The former has a measurable effect, while the latter is just something we do as individuals to help us feel better.
Jho@feddit.uk 10 months ago
danielquinn@lemmy.ca 10 months ago
There’s nothing wrong with encouraging individual action, only in suggesting that in doing so they’re solving the problem.
I stopped driving 20 years ago, cycle or transit everywhere, drastically reduced plastic and meat consumption, etc. etc. and while this all makes me feel good/righteous, it hasn’t actually solved anything. There are perhaps 1 million people in the world applying similar efforts. They too probably feel good about themselves, but the world is still on fire.
The vast, vast amount of people will never change on ideology alone. Partially due to things like financial or class limitations, but also just limited knowledge. I’ve lost count of the number of times I’ve had to explain to people just which plastics are recyclable, which tech is more sustainable, which foods are more environmentally healthy, and what the best options are for heating your home. It’s just too much for most people. Their minds are busy with other things like, “how will I pay rent this month?”. You gotta remember how many people vote based on lies they hear on TV or even just which party uses their favourite colour.
It’s a constant battle that cannot be won by individuals and allowing ourselves to think that we’ve accomplished something by “doing our part” is precisely why we’re still having this conversation 50 years after global warming was identified. We need collective action that limits harmful acts while promoting helpful ones and you can’t do that alone.

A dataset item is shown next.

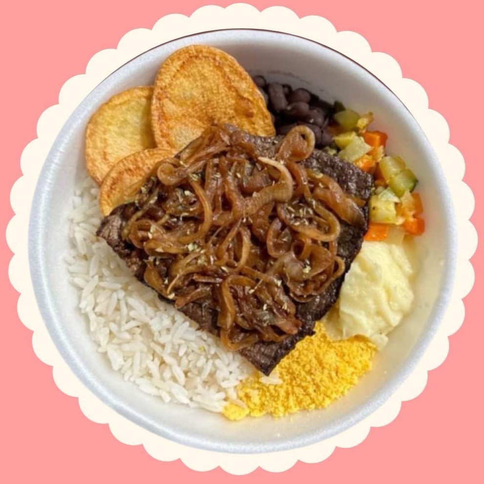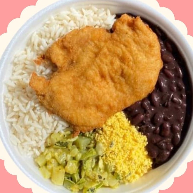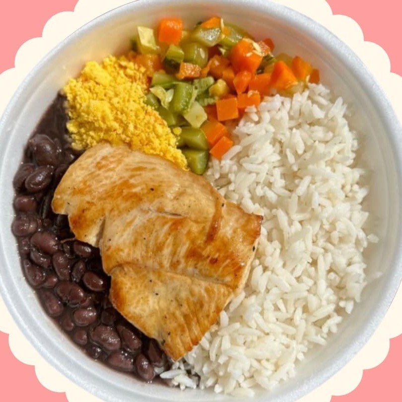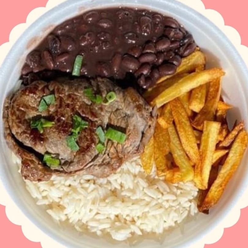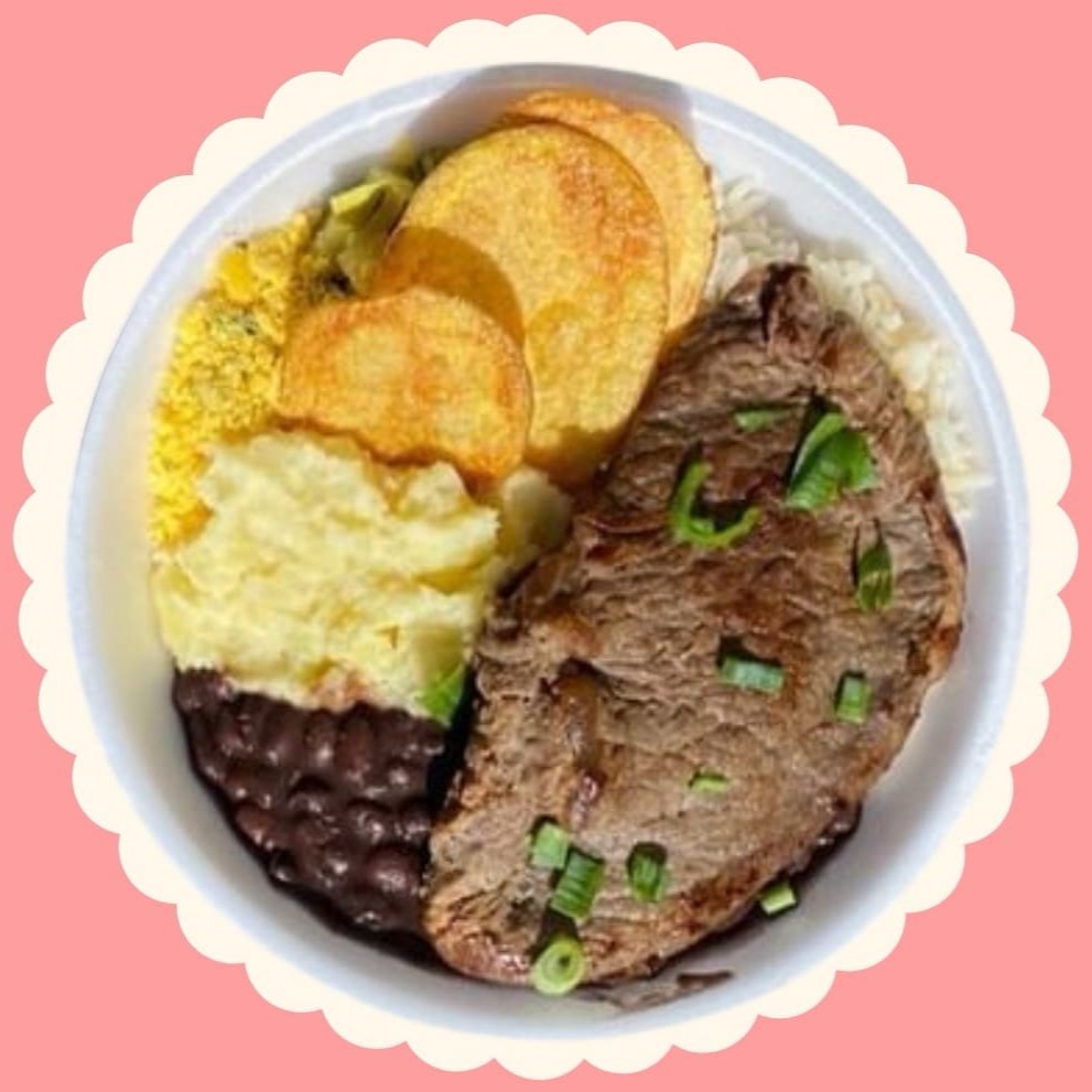 Uma refeição completa e saborosa! ️ Arroz soltinho, feijão fresquinho e purê cremoso, acompanhados da proteína da sua escolha (aprox. 400g no total). Finalize como preferir: farofa crocante, batata chips, salada fresca ou legumes refogados. Perfeito para matar a fome com muito sabor!

YungOnions@sh.itjust.works 10 months ago
You’re right, you can’t achieve collective action alone, but I’d argue that individual action, such as what you’re doing is part of that collective action, no?
danielquinn@lemmy.ca 10 months ago
Nope, it’s the complete opposite.
I can make different choices tomorrow: buy a Ford F-150, swap my heat pump for a gas boiler, and start buying more disposable crap and the resulting impact on the problem would be negligible. It’s nice to think that my individual choices matter, but on the scale that matters, they don’t even move the needle.
The Ford F-150 should be illegal and gas boilers should be banned or at least more expensive than heat pumps. That moves the needle 'cause it’s collectively applied to the wider public and (more importantly) the economy as a whole.
The problem comes with the idea that “I’m one of the people who needs to change, therefore my changing is progress”. While this is technically true, it’s effectively irrelevant because at the scale we’re talking about, individual contributions are statistically insignificant.
This is exactly why companies like BP & Shell have pushed the idea of personal responsibility so hard. They’ve reframed the debate into something about personal virtue rather than collective responsibility to ensure that nothing changes.
It’s one of the most insidious ideas around activism, that “voting with your wallet” works.